I am best equipped to reflectively scrutinize and compassionately engage with the varied human worldview perspectives when my worldview receives nurture through means of grace: scripture, prayer, sacrament, fellowship.

Matthew 6:22-24 impresses on me the spiritual and literal weightiness of this. With worldview, if I fail to keep it saturated with the gospel (if I allow my lens to absorb secular thinking), it will deteriorate more quickly. My mind will become clouded; my soul will suffer. I am best equipped to reflectively scrutinize and compassionately engage with the varied human worldview perspectives when my worldview receives nurture through means of grace: scripture, prayer, sacrament, fellowship. I need to submit to the Father’s good authority, daily depend on the good news of Jesus (His life, death, and resurrection), and the Spirit’s sanctifying work. The redemptive frame holds the lenses of our worldview in place, and brings health to the bones. (Proverbs 3)

My corrective lenses get stronger and more diverse in their function as I age—one contact for reading, one for distance. I become more dependent on them, and they become more precious to me. I watch my mom’s scare of skin cancer near her eye, her macular degeneration, her struggle to communicate by text or email without reading glasses perched on her impish nose. The thought of increased frailty and dependency hems me in, sobers me.

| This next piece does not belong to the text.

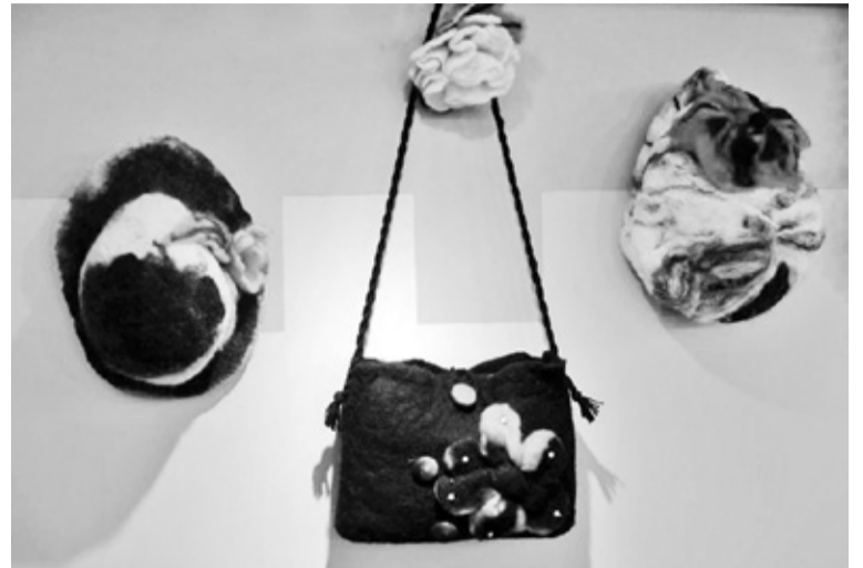
Mulgi kambren tettu vilditüü.

Mulgi kambre tegemiste man om suures toes ollu Christine

Then, in awe I recognize that someday when the last tear falls from our eyes, all the flaws of that precious organ, along with the lenses we have needed to see the world, will fall away. We will no longer struggle with double vision. The image and the reality, spirit and flesh, will come together into final focus as He makes us whole, complete, one. We will see Him with unveiled face (2 Corinthians 3:18) as He truly is (1 John 3:2) and in the seeing be made just like Him.